Instructions to follow: Would you reproduce exactly the lines below from the one holding "Microstructure of hydrogels" through the one holding "Founded by two", inclusive, and no others?

Data supplied:
===
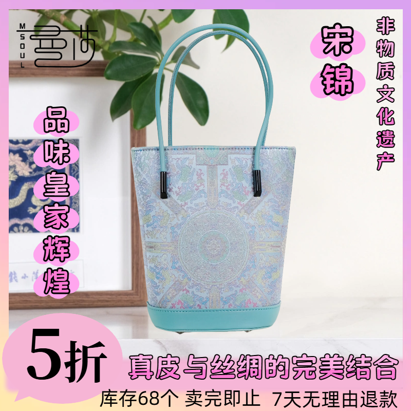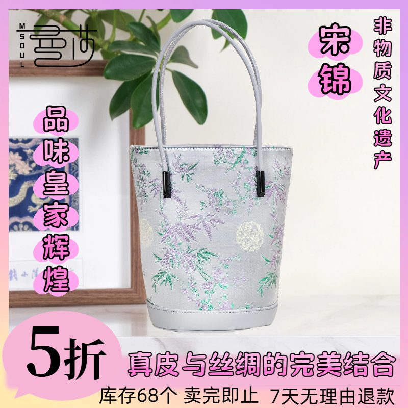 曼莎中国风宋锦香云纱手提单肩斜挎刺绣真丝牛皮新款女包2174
===
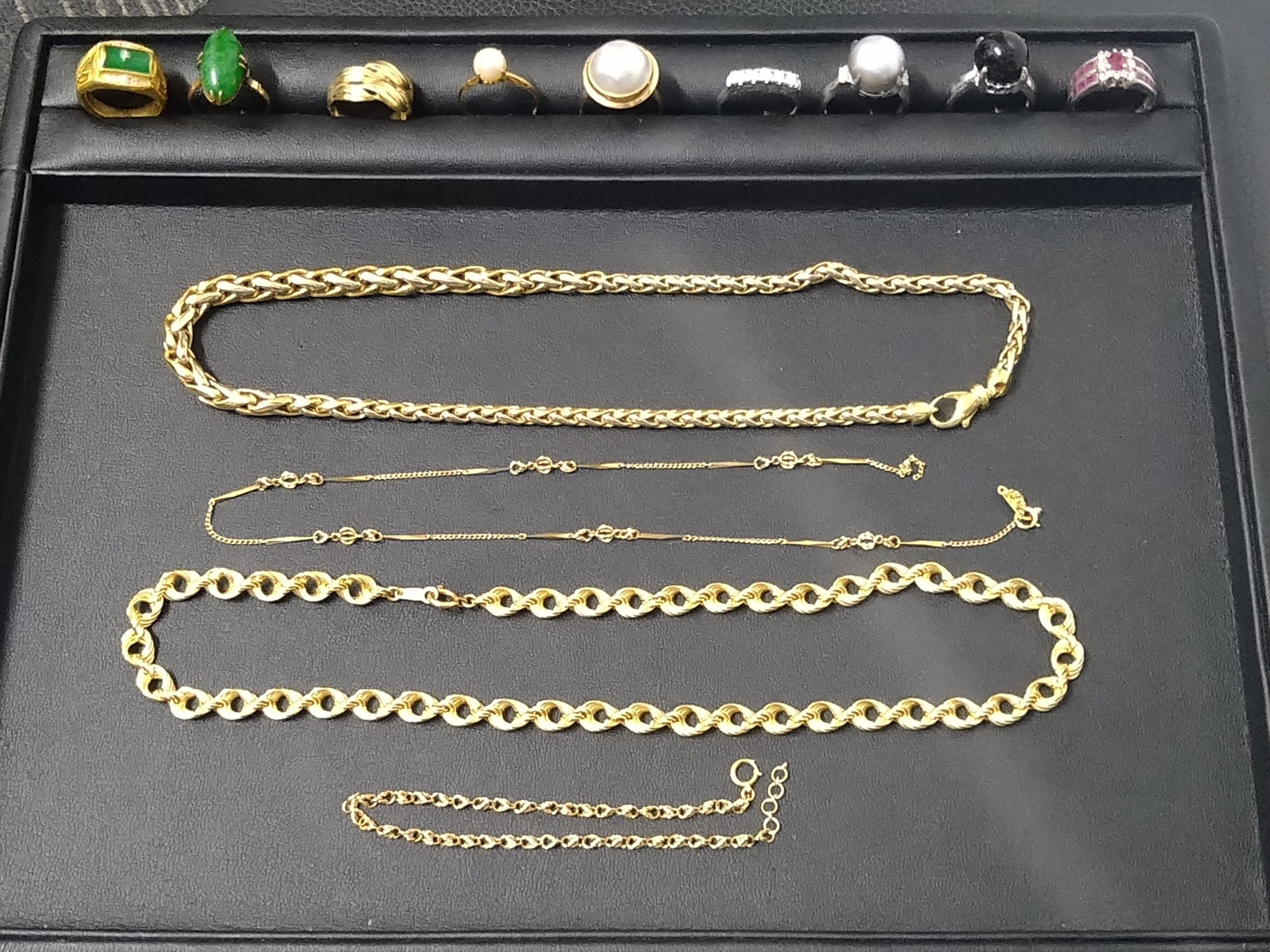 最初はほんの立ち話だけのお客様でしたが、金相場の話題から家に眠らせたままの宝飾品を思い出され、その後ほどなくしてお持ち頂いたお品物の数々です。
===
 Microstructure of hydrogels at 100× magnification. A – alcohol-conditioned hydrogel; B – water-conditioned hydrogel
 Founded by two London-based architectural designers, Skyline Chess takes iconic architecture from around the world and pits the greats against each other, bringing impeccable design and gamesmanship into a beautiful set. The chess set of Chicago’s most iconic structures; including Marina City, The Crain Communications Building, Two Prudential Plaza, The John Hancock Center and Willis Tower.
===
Expected answer:
 Microstructure of hydrogels at 100× magnification. A – alcohol-conditioned hydrogel; B – water-conditioned hydrogel
 Founded by two London-based architectural designers, Skyline Chess takes iconic architecture from around the world and pits the greats against each other, bringing impeccable design and gamesmanship into a beautiful set. The chess set of Chicago’s most iconic structures; including Marina City, The Crain Communications Building, Two Prudential Plaza, The John Hancock Center and Willis Tower.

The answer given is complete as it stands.